Sunday, March 1, 2020

Lent One: start with lament

Last weekend I was on the leadership team for a retreat our church provides each year. It's called Freedom in Christ. It offers space for people struggling with grief, anger, addiction, guilt, to start or continue the process of healing.

I helped lead worship but also gave a two-part talk on beginning to acknowledge and deal with the baggage we've been carrying. As I said in my talk, digging a rock from a backpack full of shattered glass and other reminders of past brokenness, that rock was once so heavy I could hardly move. It's smaller now. But still not gone.

Lament is part of the process of healing and freedom. In my talk I read from Psalm 6: Have mercy on me, Lord, for I am faint. Heal me, Lord, for my bone are in agony. My soul is in deep anguish. How long, Lord, how long?

Lent starts with the ashes of Ash Wednesday –a symbol of grief and lament. In our modern liturgical traditions, we dot the ashes on the forehead and wash them off at the end of the day. In ancient Hebrew tradition, the practice of lament went far deeper and lasted longer: mourners sat in ashes, or poured them on their heads, ripped clothes, wore sackcloth. This practice of shiva, of extended grief, was expected in most cases to last a week, sometimes longer.

We hurry through lament, often to our loss: Suck it up, walk it off, let it go, move on. We hurry toward “closure” without doing the hard work of grieving.

Hope, George Frederick Watts,
England, 1886 
In his article ‘The Hidden Hope in Lament’, Dan Allender writes, "Christians seldom sing in the minor key. We fear the somber; we seem to hold sorrow in low esteem. We seem predisposed to fear lament as a quick slide into doubt and despair; failing to see that doubt and despair are the dark soil that is necessary to grow confidence and joy."

As a young teen, learning to play the guitar, I was drawn to songs in minor keys. I was given my first guitar just months after I left the home I’d lived in most of my life. I was sharing a narrow attic room with my grandmother in a small house with people I didn’t know, struggling to find my way in a large new school where I didn’t feel welcome, not sure how long I’d be there, or what would come next.

I remember an elder in our church, a family friend, stopping me in the middle of a song I was practicing: “Christians don’t sing in minor key.” I’ve remembered his words – although I’ve never agreed.
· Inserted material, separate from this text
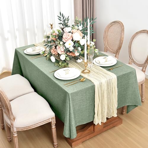 Fitable Linen Tablecloths for Rectangle Tables: Water & Stain Resistant Farmhouse Table Cloth, Washable Burlap Textured Table Covers for Kitchen Dining Party(2 Pack, 52×70 Inch, Sage Green)
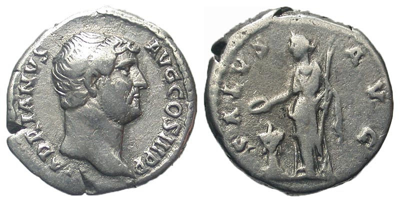 HADRIAN, 117-138 AD. AR Denarius (3.50 gm). Bare head / Salus standing sacrificing at altar. RSC.1328. RIC.268. VF.

A third of the Psalms are written in minor key – songs of grief, of anger, of confusion:
I am poured out like water,
and all my bones are out of joint.
My heart has turned to wax;
it has melted away within me.
My strength is dried up like a potsherd,
my tongue sticks to the roof of my mouth;
you lay me in the dust of death. (Psalm 22)
I am like a desert owl,
like an owl among the ruins.
I lie awake; I have become like a bird alone on a roof. (Psalm 102)
Some of the lament psalms are very personal. Others are corporate – an acknowledgement that things aren’t right, not just for the individual writing the psalm, but for his people, sometimes for the earth itself.
Do you rulers indeed speak justly? Do you judge uprightly among men?
No, in your heart you devise injustice,
and your hands mete out violence on the earth. (Psalm 58)
How long will the wicked, O Lord, how long will the wicked be jubilant?
They pour out arrogant words; all the evildoers are full of boasting.
They crush your people, O Lord; they oppress your inheritance.
They slay the widow and the alien; they murder the fatherless.
They say, The Lord does not see; the God of Jacob pays no heed. (Psalm 94)
That refrain of "how long" has been echoing in my mind and heart, a song of both lament and hope, a reminder of how far we are from a world of shalom, but also a promise that God is at work. And an invitation to be his agents of reconciliation.
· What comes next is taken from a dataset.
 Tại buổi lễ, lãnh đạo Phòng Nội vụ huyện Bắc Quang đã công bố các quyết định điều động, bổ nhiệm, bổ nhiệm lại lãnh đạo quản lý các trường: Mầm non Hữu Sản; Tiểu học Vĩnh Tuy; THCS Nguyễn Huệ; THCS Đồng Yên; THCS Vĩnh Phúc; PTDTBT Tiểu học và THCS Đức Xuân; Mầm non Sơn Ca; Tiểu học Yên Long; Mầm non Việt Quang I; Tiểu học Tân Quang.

For Christmas my son gave me two CDs to carry me through long road trips over Pennsylvania mountains in my aging Honda Fit. Both are products of a sacred arts collective, The Porters Gate, founded in 2017 to be a "porter" for the Christian church: "one who looks beyond the church door for guests to welcome."

I love the vision and love the music the collective has created. One song has become a refrain for my travels, a word of promise in a time when truth is often trampled and evil seems victorious:
When will the truth come out?
When will Your justice roll down?
When will Your kingdom come
And evil be undone?
When will the wicked kneel
And the abused be healed?
When will our sisters speak
With no more shame or fear?
How long? How long?
When will the daughters of Zion rejoice
In the house of the Lord?


If you have time, listen to the song, but also the prayer at the end.

As I listen, I find myself grieving:
Attitudes that undermine the joy of others; that divide, rather than unite.
Systems and structures that stand in the way of justice, that protect the strong rather than provide mercy to the weak.
Ways that churches have silenced voices we most need to hear.
Ways the door has been shut on those most hungry for welcome.

Yet, I'm reminded: the psalms that start in lament often end in confident praise. So I start this Lenten season in lament and repentance, singing a refrain of hope: How long?